DATA EXCERPT:
══════════

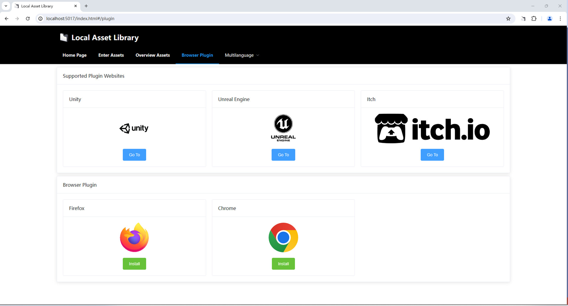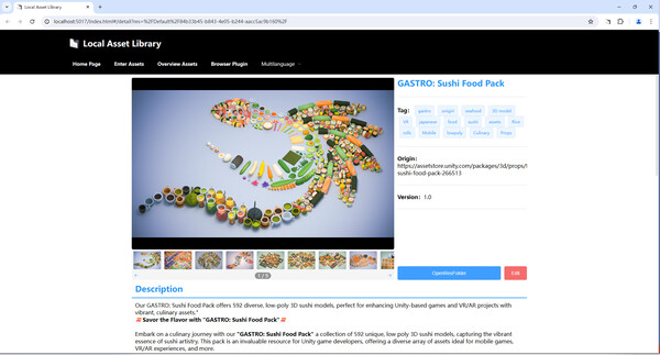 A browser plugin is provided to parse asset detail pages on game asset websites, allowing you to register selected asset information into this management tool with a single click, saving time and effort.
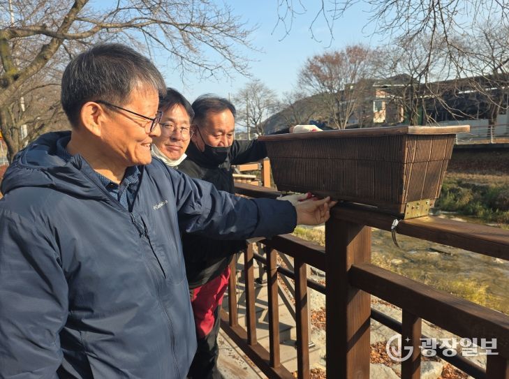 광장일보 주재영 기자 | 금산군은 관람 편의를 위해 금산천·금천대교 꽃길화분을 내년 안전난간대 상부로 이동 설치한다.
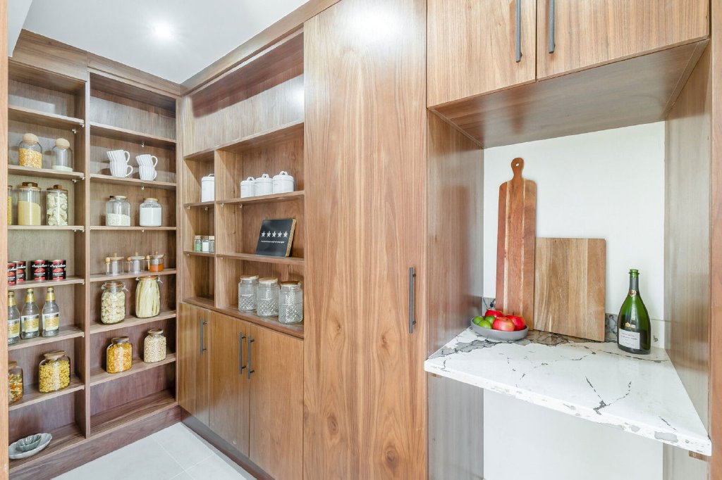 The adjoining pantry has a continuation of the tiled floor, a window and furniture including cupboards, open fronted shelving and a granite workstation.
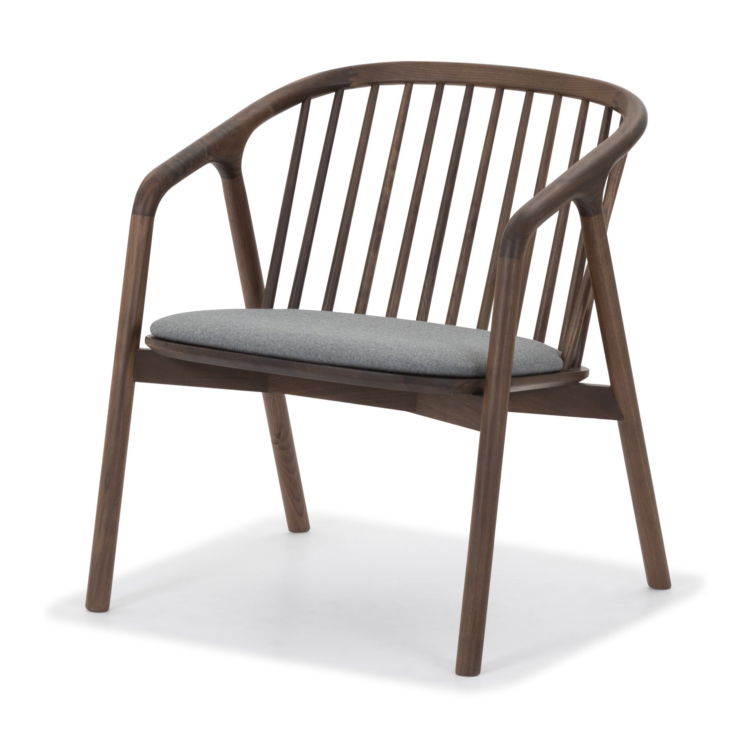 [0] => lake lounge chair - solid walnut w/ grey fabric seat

══════════

TASK: Exact copy required, pictures excluded: the lines from the one holding "광장일보 주재영 기자" through the last line of the data, both ends included.

SOLUTION:
 광장일보 주재영 기자 | 금산군은 관람 편의를 위해 금산천·금천대교 꽃길화분을 내년 안전난간대 상부로 이동 설치한다.
 The adjoining pantry has a continuation of the tiled floor, a window and furniture including cupboards, open fronted shelving and a granite workstation.
 [0] => lake lounge chair - solid walnut w/ grey fabric seat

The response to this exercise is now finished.